Shell to Build CCS Project for Canadian Oil Sands Operation
Royal Dutch Shell announced it will build a $1.36 billion carbon capture and storage project to cut carbon dioxide emissions up to 35 percent at its 255,000-barrel-per-day oil sands upgrader in Canada.
Shell said the CCS project, which should be completed by late 2015, will capture more than one million metric tons of CO2 a year produced at Shell’s bitumen upgrading facility adjacent to its refinery near Fort Saskatchewan, Alberta.
The CO2 will be captured from the upgrader’s hydrogen manufacturing units. An absorber vessel will use an amine solvent to capture the CO2, which is then released by heating. The CO2 is then dehydrated and compressed into a dense fluid for pipeline transport.
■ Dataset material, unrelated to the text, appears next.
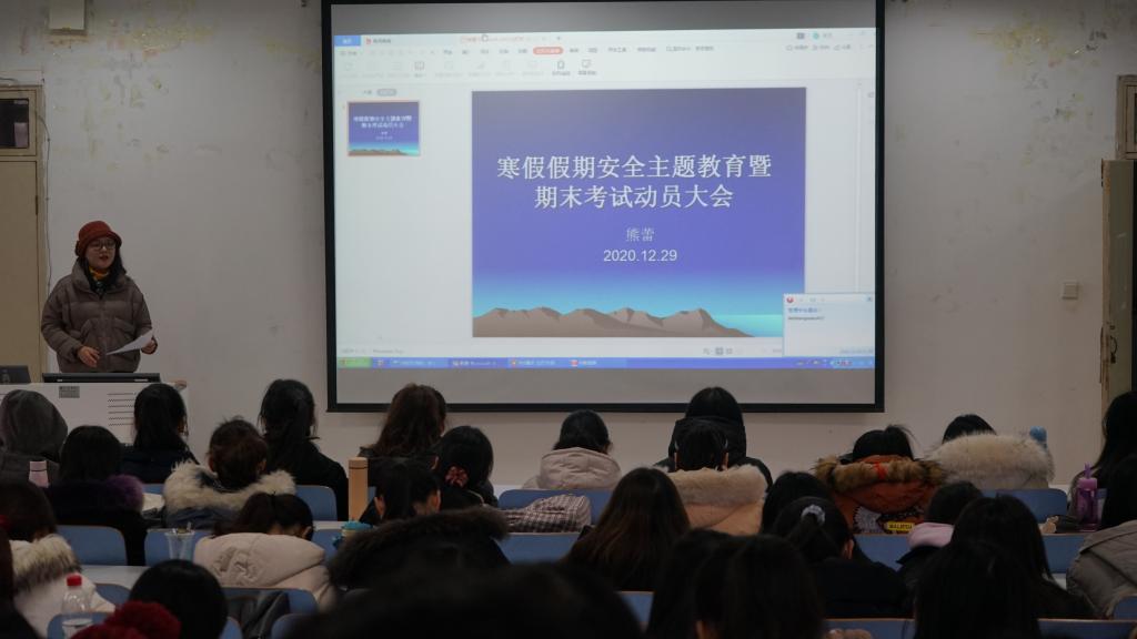 会上,孙太红和熊蕾以及李敏就期末考试和假期安全两方面向参会学子作出详细的讲解。孙太红强调2017级学子作为应届毕业生需要做好应届毕业年的相关工作,提前为即将到来的毕业季做好时间安排。他指出在期末考试期间要做好疫情防护不能掉以轻心,同时又重申了期末考试相关的考试规则和纪律。熊蕾嘱咐到场学子如实完成假期活动去向表的填写工作,并从财产安全、交通安全、消防安全等方面提醒全体学子要注意假期安全。她讲到疫情反复,建议减少外出。李敏针对期末考试安排、考试纪律及寒假安全提示做了详细说明,她要求学子们以端正的态度对待期末考试,认真复习,并预祝全体学子在考试中取得优异成绩。

The CO2 will be transported by an 80-kilometer underground pipeline to a storage site north of Scotford. Here, the CO2 will be injected more than two kilometers underground into a porous rock formation called the Basal Cambrian Sands, which is located beneath layers of impermeable rock. Monitoring technology will be used to ensure the CO2 is permanently stored, Shell said.
The Quest CCS project is being built on behalf of the Athabasca Oil Sands project’s joint venture owners, Shell, Chevron and Marathon Oil, with financial support from the governments of Canada and Alberta. The Alberta government will invest $745 million into Quest from a $2 billion fund created to support CCS. The government of Canada will invest $120 million through its Clean Energy Fund.
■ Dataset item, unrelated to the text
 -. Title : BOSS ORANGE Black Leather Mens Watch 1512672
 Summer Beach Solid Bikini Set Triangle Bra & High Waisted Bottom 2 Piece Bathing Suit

Shell is pursuing another CCS project with SSE that would permanently store CO2 in the North Sea. The Crown Estate, which manages business and housing properties, agricultural and forestry land as well as much of the seabed surrounding the UK for the monarchy, agreed in July to lease an area in the depleted Goldeneye gas field in the North Sea, 65 miles offshore of northeast Scotland, to Shell and SSE for a proposed project that will capture CO2 from the Peterhead power plant and then store it offshore.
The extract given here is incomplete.